El viaje a Mallorca con los Luna, los Jaimes y María Jesús en su verso libre estaba programado desde enero pasado. Lo hemos podido hacer, sí, pero de chiripa. Por mor de esas cosas que solo a mí me pasan. Digo que la cosa empezó a torcerse porque según se acercaba el calendario se acentuaban unas molestias en mi pecho  tan sensible con los fríos y las empinadas cuestas de mi nueva ciudad. "Ya estás buscando motivos para no ir" -azuzaba mi hija, tan mordaz. Si realmente el cacao mío mental funciona así, de verdad que soy inocente, no soy consciente de ello. Pero tampoco lo niego, podría ser. El caso es que a una semana vista del viaje se me mete en la cabeza que estoy padeciendo angina de pecho, que hace un año que no me reviso mi corazón, y que me da repelús meterme en un avión y en una ciudad fuera de mi entorno sin saber qué me pueda pasar por esos mundos. Como me llevo tan bien con radiólogos y cardiólogos de mi hospital fue tarea fácil concertar las distintas pruebas para ya, para mañana mismo, que es que dentro de tres días salgo para Mallorca. Por fortuna, todo ha salido bien. La Peque ha sufrido lo suyo, porque, por una parte, sabe que no me pasa nada, pero, por otra, me pongo tan pesado que a final cede a mis pretensiones bajo la amenaza implícita de que no vaya a ser que esta vez sí venga el lobo de verdad. Al fin respiró aliviada, y yo volví a ver la ilusión en su mirada enamorada. Todo iba a salir bien.

El avión sale a las tres de la tarde. Hemos quedado en el aeropuerto a las una y media. Yo dispongo de las tarjetas de embarque de todos. A las doce, el Luna manda un wassapt anunciando que ya vienen por La Roda. Bien. Y yo, muriéndome a chorros. Nadie lo sabe. Nadie, salvo mi Peque, claro. A la una de la tarde me telefonea el Luna, que recoge a María Jesús, y tiran para el aeropuerto.
-Antonio -apenas me sale la voz del pecho-, que yo... 
-¿Qué pasa ahora?
-Que no estoy en condiciones de viajar, tío, que he pasado una noche malísima, con fiebre y con dolor de barriga...
-Estás de cachondeo ¿no?
-Que no, que es de verdad. Ahora mismo estoy metido en la cama, mareado y sin poder moverme.
-La madre que ... ¡Y qué hacemos ahora?
-Pues nada, vosotros os vais. Le he dicho a la Peque que se vaya con vosotros, pero se niega a dejarme así. Ella ya ha salido con mi coche para recoger a los Jaimes, y luego se vuelve desde el aeropuerto.

Era verdad todo. Esa noche la Peque y yo dormimos en Gines, en casa de mi cuñada Miki. Y mira tú por dónde, apenas pude dormir por mor de unas molestias estomacales, tiritona y dolor de huesos por todo el cuerpo. Me levanté varias veces a por Omeprazol, paracetamoles y nolotiles... Pero nada, estuve fatal. Por la mañana me encontraba mareado, sin fuerzas; tuve arcadas y ensucié suelto un par de veces.

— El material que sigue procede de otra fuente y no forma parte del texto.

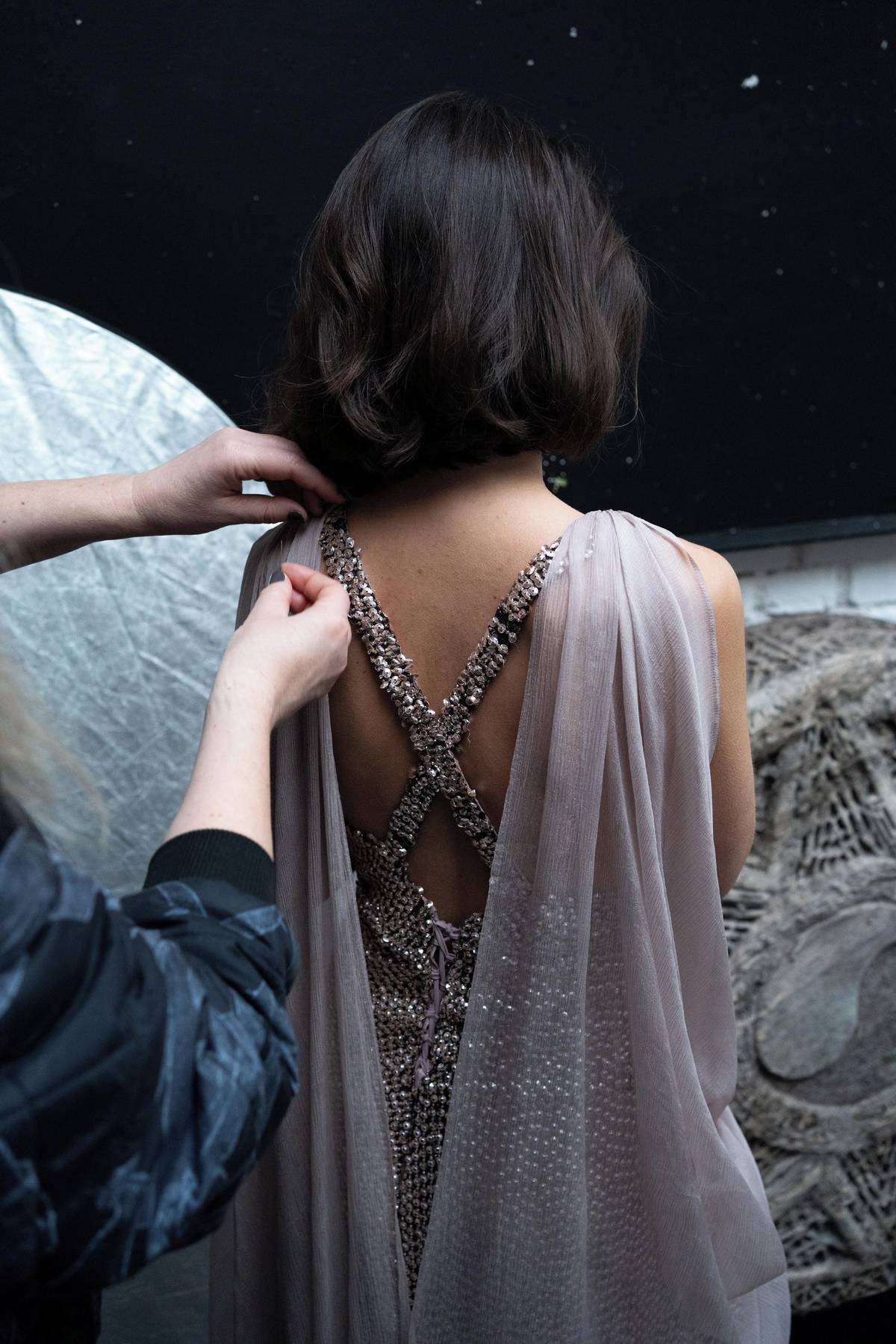 Model má odhalená záda s rafinovaným překřížením.

La Peque estaba destrozada anímicamente. Otro viaje que se va al carajo. Por mi culpa. No hará ni diez minutos que ha salido en busca de Paki y de Jaime. En esto que, de repente, me sobreviene un ataque de valentía, cosa rara en mí, rarísima. Quizás me esté subiendo la fiebre -llegué a pensar-. Me levanté de la cama para probarme, vi que no me mareaba, bajé y subí las escaleras varias veces y aguanté el tipo... ¡A tomar por culo el miedo! Agarré el móvil y la llamé: "Peque, que te vuelvas a por mí, que nos vamos todos, con dos cojones"... 

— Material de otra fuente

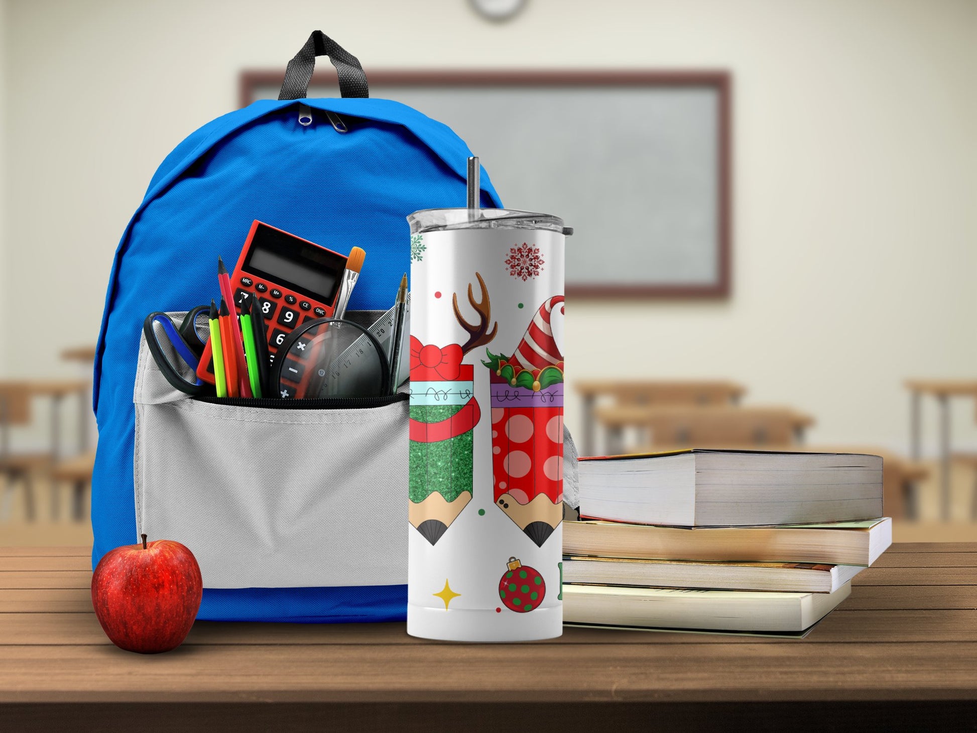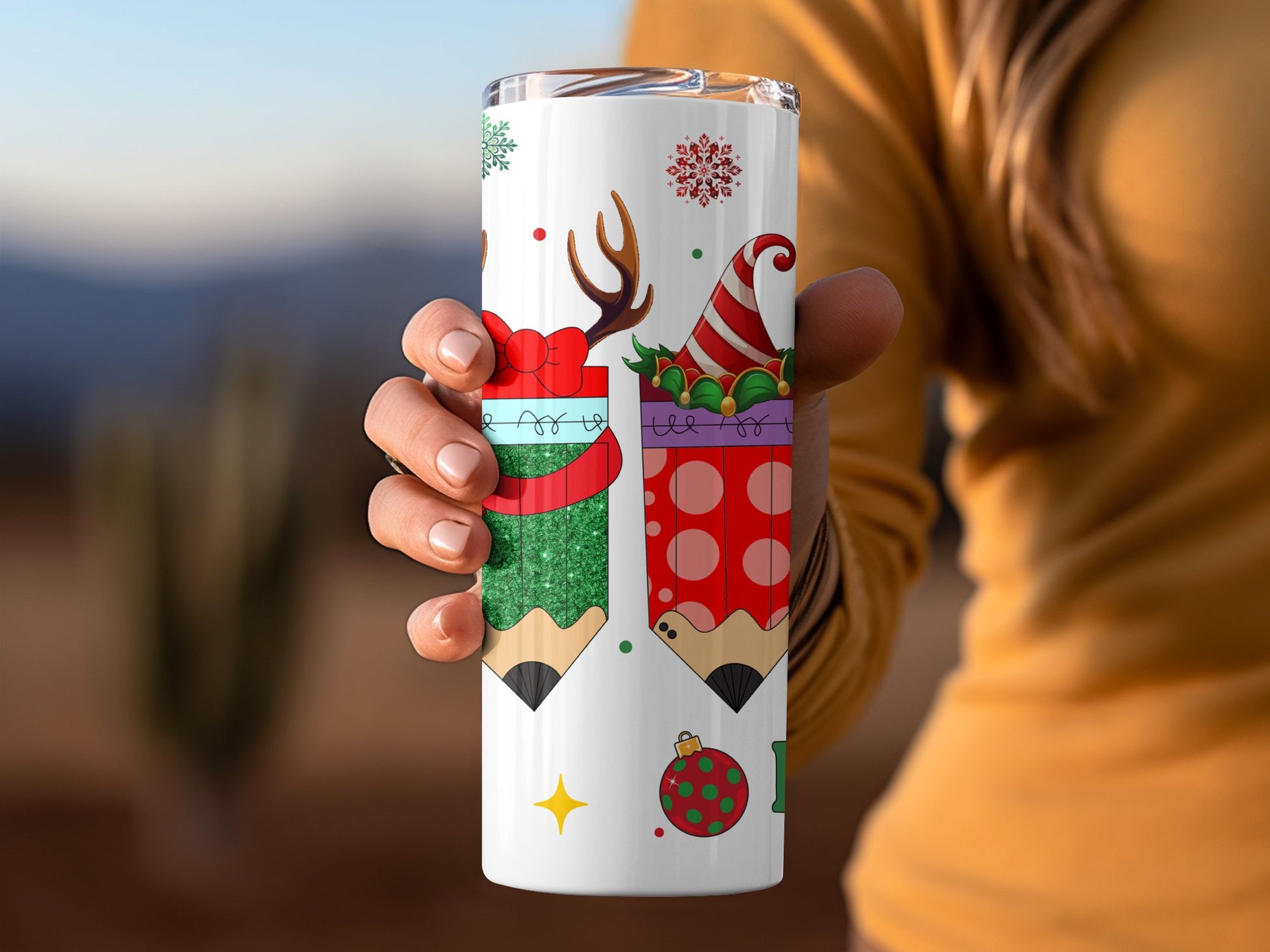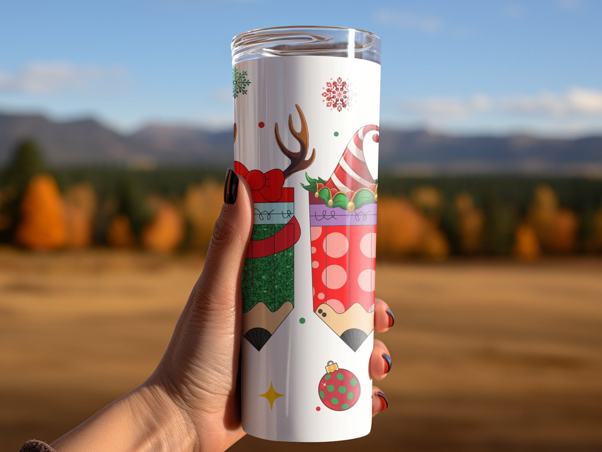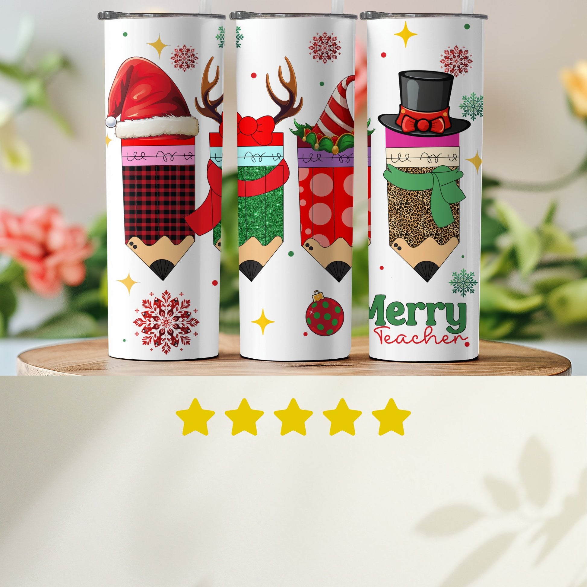 Celebrate the holiday season with our Merry Teacher Tumblers! This festive design features four pencils dressed in adorable Christmas attire, including a Santa hat, reindeer antlers, elf hat, and a top hat. Perfect for teachers who love to spread holiday cheer, this tumbler is both fun and functional. Made from durable materials, it keeps your drinks hot or cold for hours. A great gift idea for your favorite teacher or a festive addition to your own drinkware collection.

Entre abrazos y parabienes de todos me zampé un bocata de jamón y un nestée de limón en uno de los bares del aeropuerto. Y palante. "¿Cómo vas?" -me preguntaban de vez en cuando. "Bien, bien, sin problemas", mentía yo.

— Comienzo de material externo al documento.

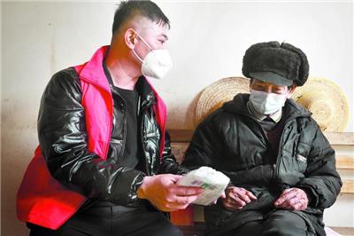 1月7日,在海南省文昌市铺前镇地太村,村干部向高龄老人发放防疫“健康包”,并介绍防疫物品使用方法。
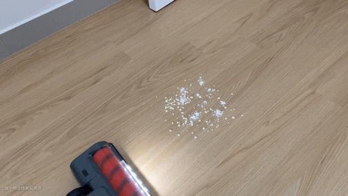 从动图我们可以看出这款拖地头不仅能把酱油渍打扫干净,而且吸尘也可以兼顾,不会让干湿垃圾糊到一起,很顺畅的一次清洁体验
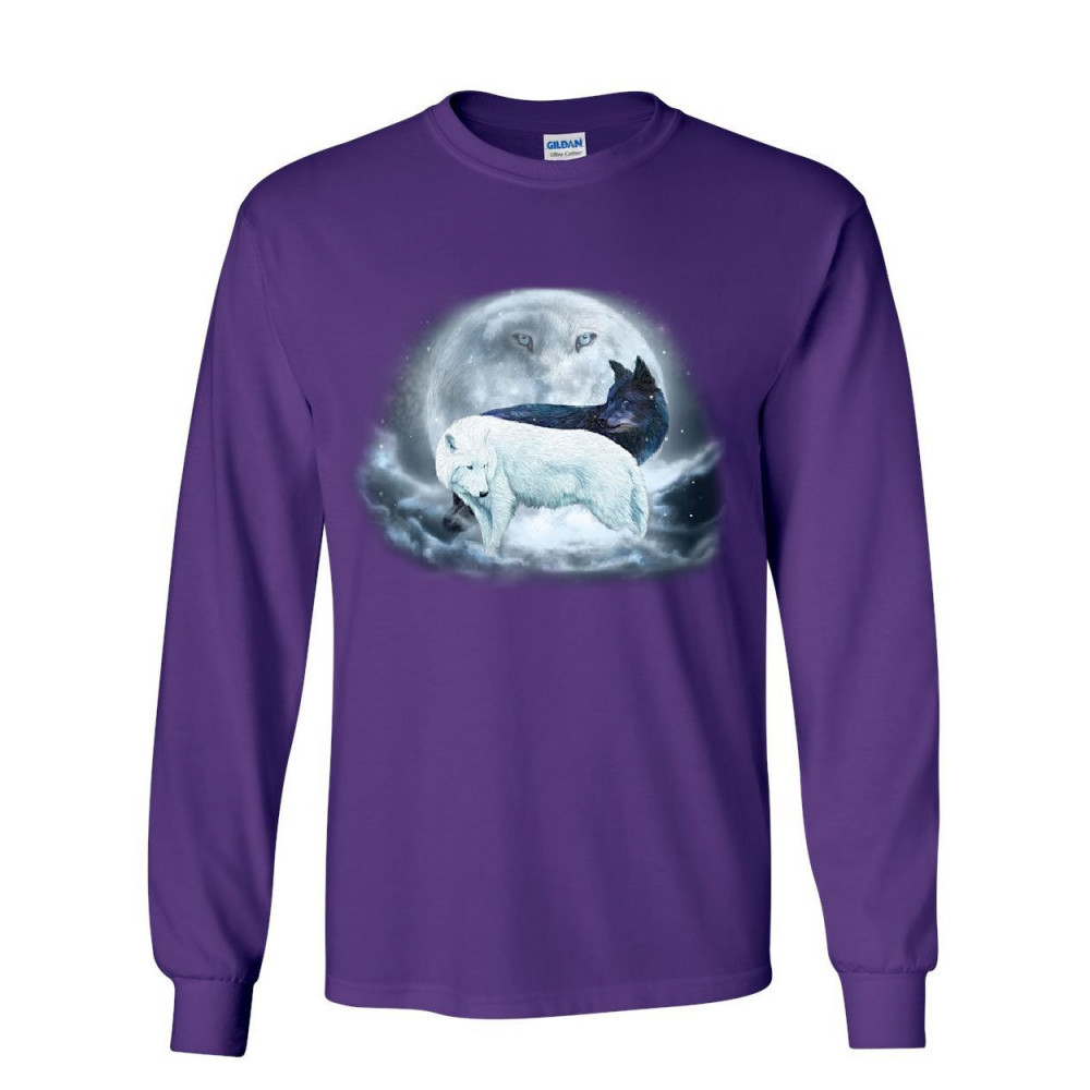 YIN & YANG WOLVES long sleeve t-shirt animals wildlife nature wolf pack moon tee purple
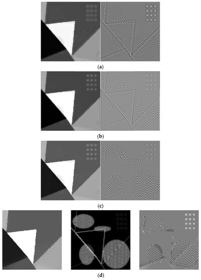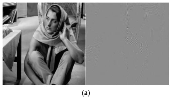 The first term in (12) contains an edge indicator function and when , , it can preserve edges; when , then , it can remove some small details. The second term in (12) is the norm for describing the texture. The third term in (12) is a residual term. Compared with [11,39,40], mathematically, the proposed model is more suitable for image decomposition.
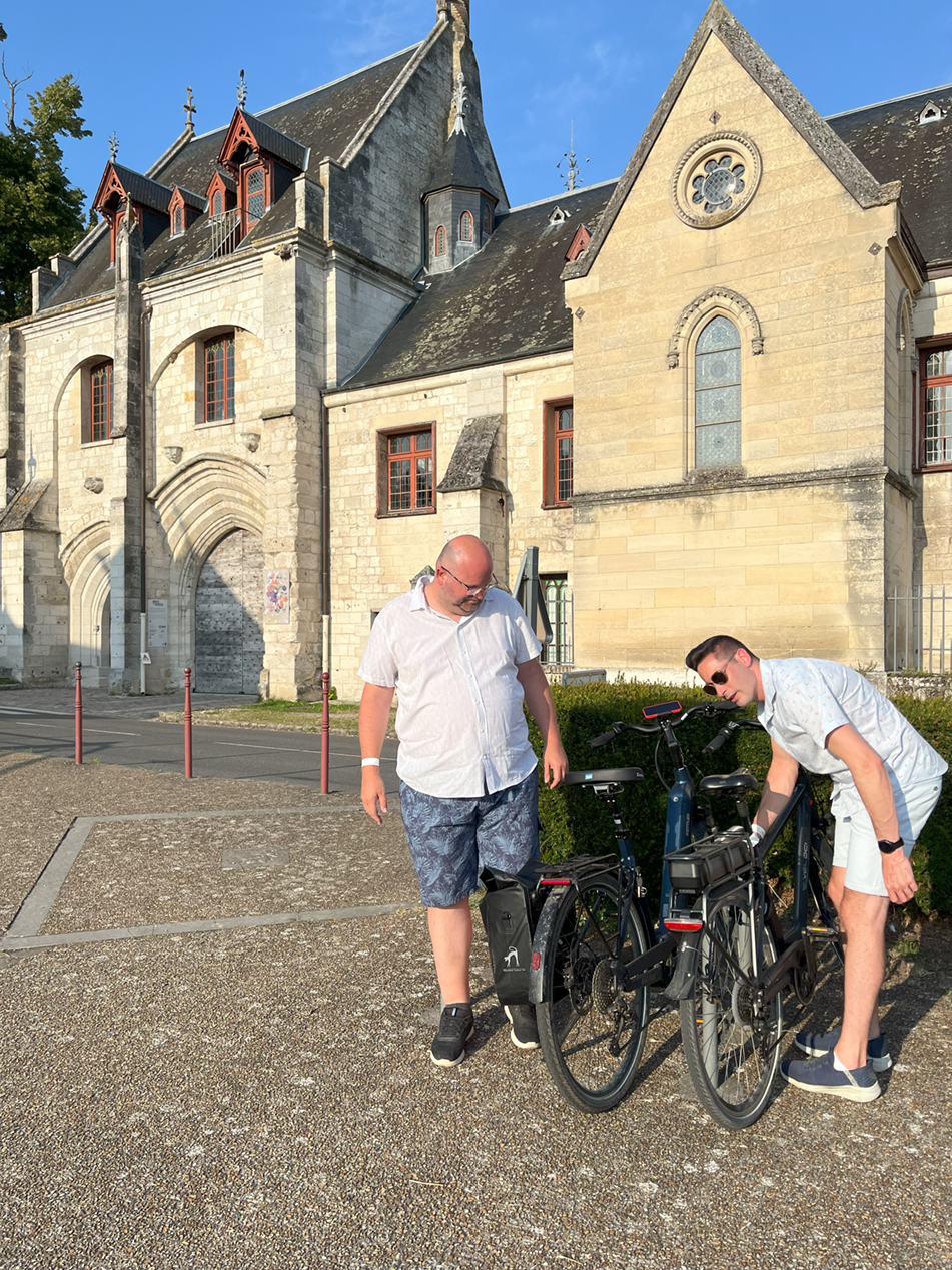 Een geluk bij een ongeluk, het is 65 km dichter bij huis! “Al een chance, voor het zelfde geld had ik ergens een Camping du Lac in de Provence gereserveerd,” lach ik een beetje groen. ’s Nachts nog een booking vastleggen is dus niet altijd het slimste idee. “Google gaf mij die online reservatiepagina en ik dacht dat het de juiste was, want er stonden foto’s op van zo’n tente bivouac waar we in Pont l’Évêque eens naast hebben gestaan.” Niks gekort, dus overleggen we met z’n drie even: annuleren of toch gewoon daar naartoe. “We zijn daar op een grijze herfstdag in 2011 eens geweest, in Jumièges. Daar was een abdijruïne, die toen gesloten was net als de horecazaken eromheen.”

Por ahorrarme tres euros por barba yo había facturado desde mi casa todas las tarjetas de embarque sin asignación de asiento, de manera que estábamos dentro del avión todos dispersos, a tomar por culo unos de otros. Yo caí en el 6C, pasillo, y la Peque en el 22A, ventanilla. Si me giraba hacia mi derecha podía ver de refilón a Paki, a Pilar y al Luna, varias filas más atrás. Empecé a sudar. Malo, me dije. Abrí todos los grifitos a mi cabecera para que entrara aire. Un vecino de atrás me los cerraba, se conoce que le molestarían los chorritos. Intenté distraerme siguiendo la animada conversación que mantenían mis dos vecinos de al lado, un chico joven que iba buscando trabajo y una anciana pizpireta que pretendía alquilarle un piso nada más pisáramos tierra. Cuando quise meter baza en la cháchara el aparato empezó a moverse. Era esa suerte de paseo lento y suave con que el avión va buscando tomar posiciones. Se podría decir que resultaba hasta agradable. Pero hoy no. En este momento preciso, no. Empecé a marearme, mirada fija al frente, venga, tranquilidad, me autoimpuse, no vayas a meter la pata. Como pude me desprendí del jersey y me quedé en mangas de camisa. El avión aceleró un poco más y yo me eché a morir. Todo me daba vueltas, sudaba a chorros y me encontraba no frío, gélido. Maldije mi ataque de valentía, ¡con lo tranquilito que yo podría estar ahora mismo en la casa de mi cuñada tomándome un caldito! Estaba totalmente derrotado. Por megafonía están diciendo que vamos a despegar, creo. En ese momento pasa a mi lado un azafato. Hago el gesto instintivo y salvador de pararlo con mi mano derecha.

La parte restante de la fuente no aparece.